Labor is pushing back harder. When Hyundai announced in January that it would deploy Atlas humanoid robots across car factories, the Hyundai Motor Group union protested: "Without labor-management agreement, not a single robot using new technology will be allowed to enter the workplace." Yet 64% of South Koreans fear AI will displace human workers and worsen inequality, even as 52% believe it could increase productivity (per the Stanford AI Index). The contradiction is lived experience: workers adopt AI tools at their jobs out of fear of falling behind, while fearing the technology will eliminate their roles.

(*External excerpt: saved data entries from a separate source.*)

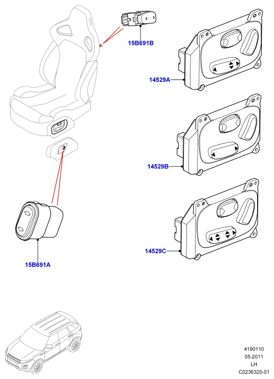 - Выключатель, левая сторона, passenger; правый руль, эл/прив.пояснич.опоры водит.и пасс. сиденья с электроприводом и памятью с 6-позиционным электроприводом пассажирского сиденья
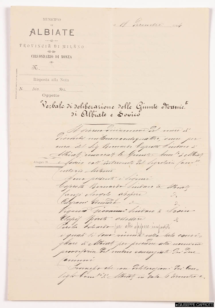 24 1904 dicembre 19, Albiate Copia di verbale di deliberazione delle Giunte municipali di Albiate e Sovico per la nomina provvisoria del medico consorziato (sindaco di Albiate: Bernardo Caprotti) mm. 210×310
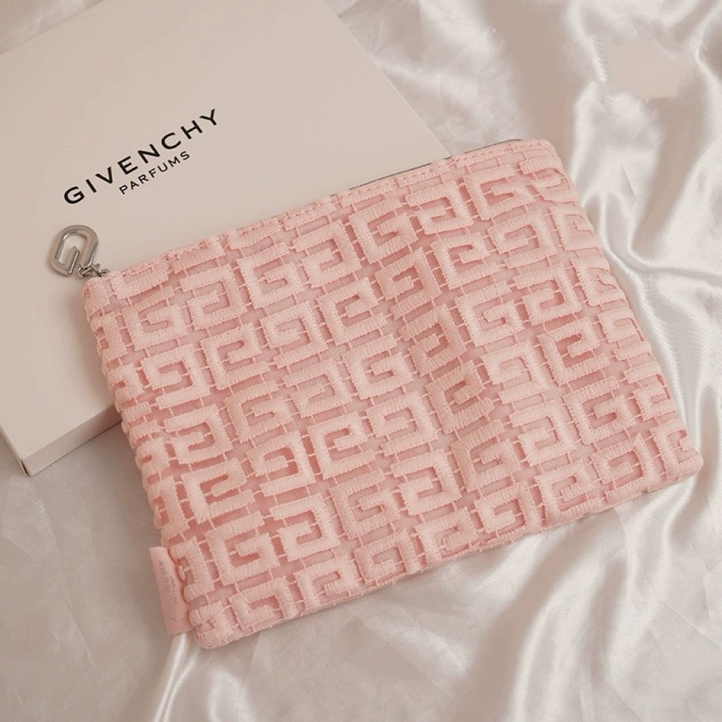 Givenchy Domestic/Big-Name Nude Pink Lace Cosmetic Bag Simple Cotton and Linen Fashion Storage Bag Portable Hand-Held
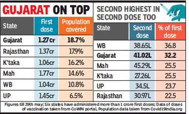 Likewise, analysis of the second shot – completing the two-dose vaccine for both Covishield and Covaxin, the two vaccines administered so far – among the states with 1 crore-plus vaccines reveal that Gujarat ranked second with 32.2% behind West Bengal’s coverage of 36.8% of those who have already taken the first dose.
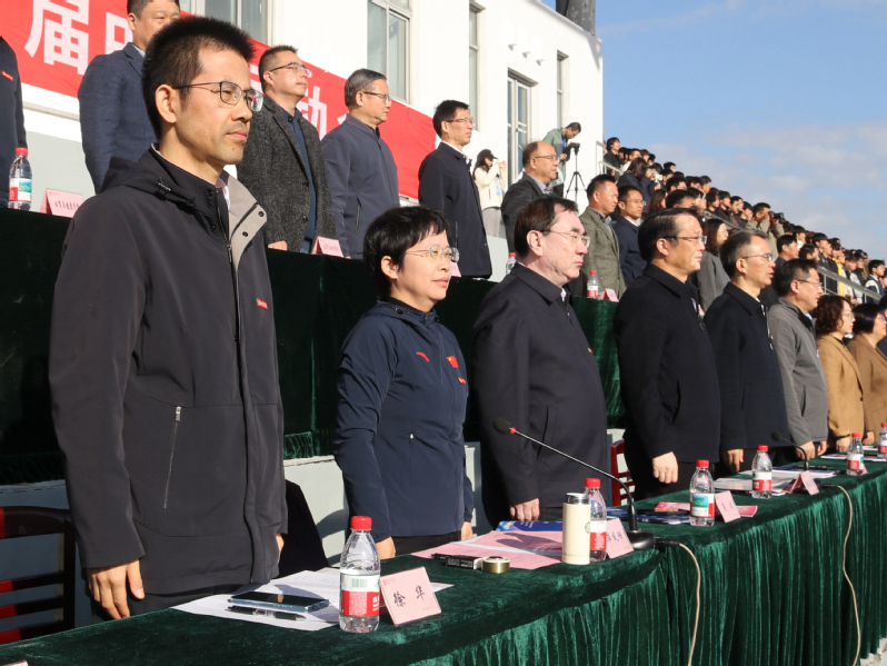 开幕式在庄严的国歌声中拉开帷幕,张玉勤致开幕词。他指出,学校始终坚持“五育并举”,把体育融入人才培养全过程,一体推进竞技体育、专业体育、公共体育高质量发展。田径场是竞技的赛道,也是展示盐师人生机蓬勃的精神风貌的舞台。他希望,参赛的师生在运动中活动筋骨、抖擞精神,尽情享受活力迸发的乐趣。全校师生积极参与运动为健康“注资”“充电”,锻造优秀的身体素质,以强健的体魄和饱满的精力应对各种挑战,为人生长远发展蓄能助力。参赛师生秉承“相互理解、友谊、团结和公平竞争”的奥林匹克精神,尊重对手、尊重队友、尊重规则、尊重裁判,胜不骄、败不馁,勇于担当和突破,为集体争光,在运动中砥砺优秀的人格品性、磨砺百折不挠的意志,把继续战斗的韧劲融入争先创优的骨子里。
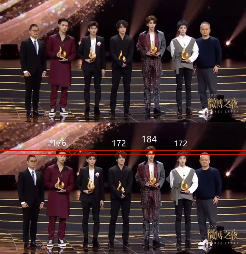 很多人会因为这样质疑张艺兴没有176cm。其实从此图来看,当时的张艺兴站姿比较倾斜,即使倾斜,也看起来要比薛之谦和华晨宇高3cm左右,所以他的身高数据应该也没有很大问题。所以华晨宇粉丝觉得他肯定是达到172cm的,不然总不能在场所有男艺人都身高造假吧?就算都造假,差距怎么能够全对得上?
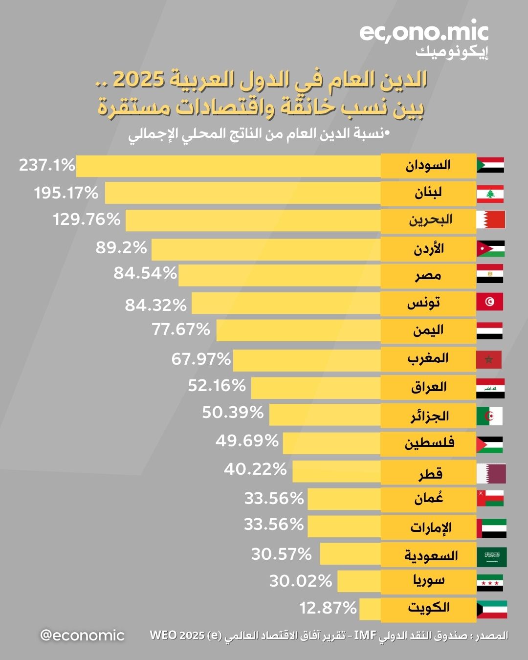 تتصدر السودان ولبنان قائمة أعلى نسب الدين العام عربياً بأكثر من 190% من الناتج المحلي
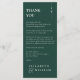 Un élégant minimaliste vert émeraude fête mariage merci carte de réception. Personnalisé avec votre message de remerciement spécial dans la typographie stylisée. Un gardien spécial vous remercie à vos invités. Conçu par Thisisnotme©
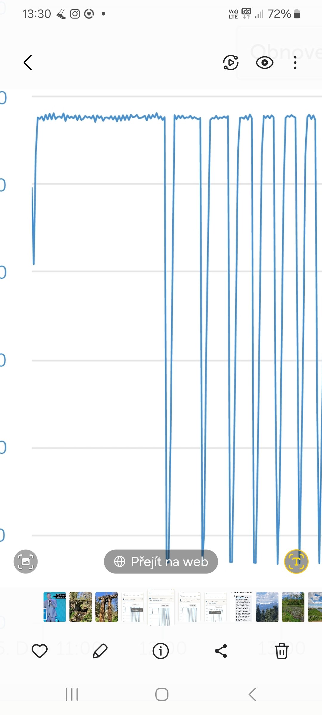 Na tom mým grafu je vidět, jak se doba práce mĕniče naplno zkracuje a snížení výkonu je častější.

The government's 2024 AI Basic Act prioritizes development over regulation. Seventy percent of South Koreans say advancing science through AI innovation matters more than protecting industries through regulation (per Stanford AI Index 2026). This reflects a national conviction born from postwar history: technology lifted South Korea from poverty into a semiconductor superpower. The stakes feel existential.

Audit your deployment velocity against South Korea's blind spots

South Korea's experience shows what happens when economic incentive aligns with cultural optimism and national policy removes friction. It also shows what goes missing: impact testing, labor consultation, privacy-by-design, and mitigation for job displacement. A 29-year-old insurance agent in Seoul told the author she uses ChatGPT to read her fortune and trade stocks while simultaneously fearing AI will eliminate her job. She captures the bind: useful today, terrifying tomorrow, no plan in between.

If you are deploying AI at scale in enterprise or government, South Korea's 2025 textbook failure is instructive. Speed without testing creates two casualties: user trust and the workers affected by the system. Jeon notes: "Because the national agenda on AI prioritizes economic development, there isn't much reflection on the social, political, ethical dimensions of the technology." That reflection takes time. The question is whether you build it in or face backlash later.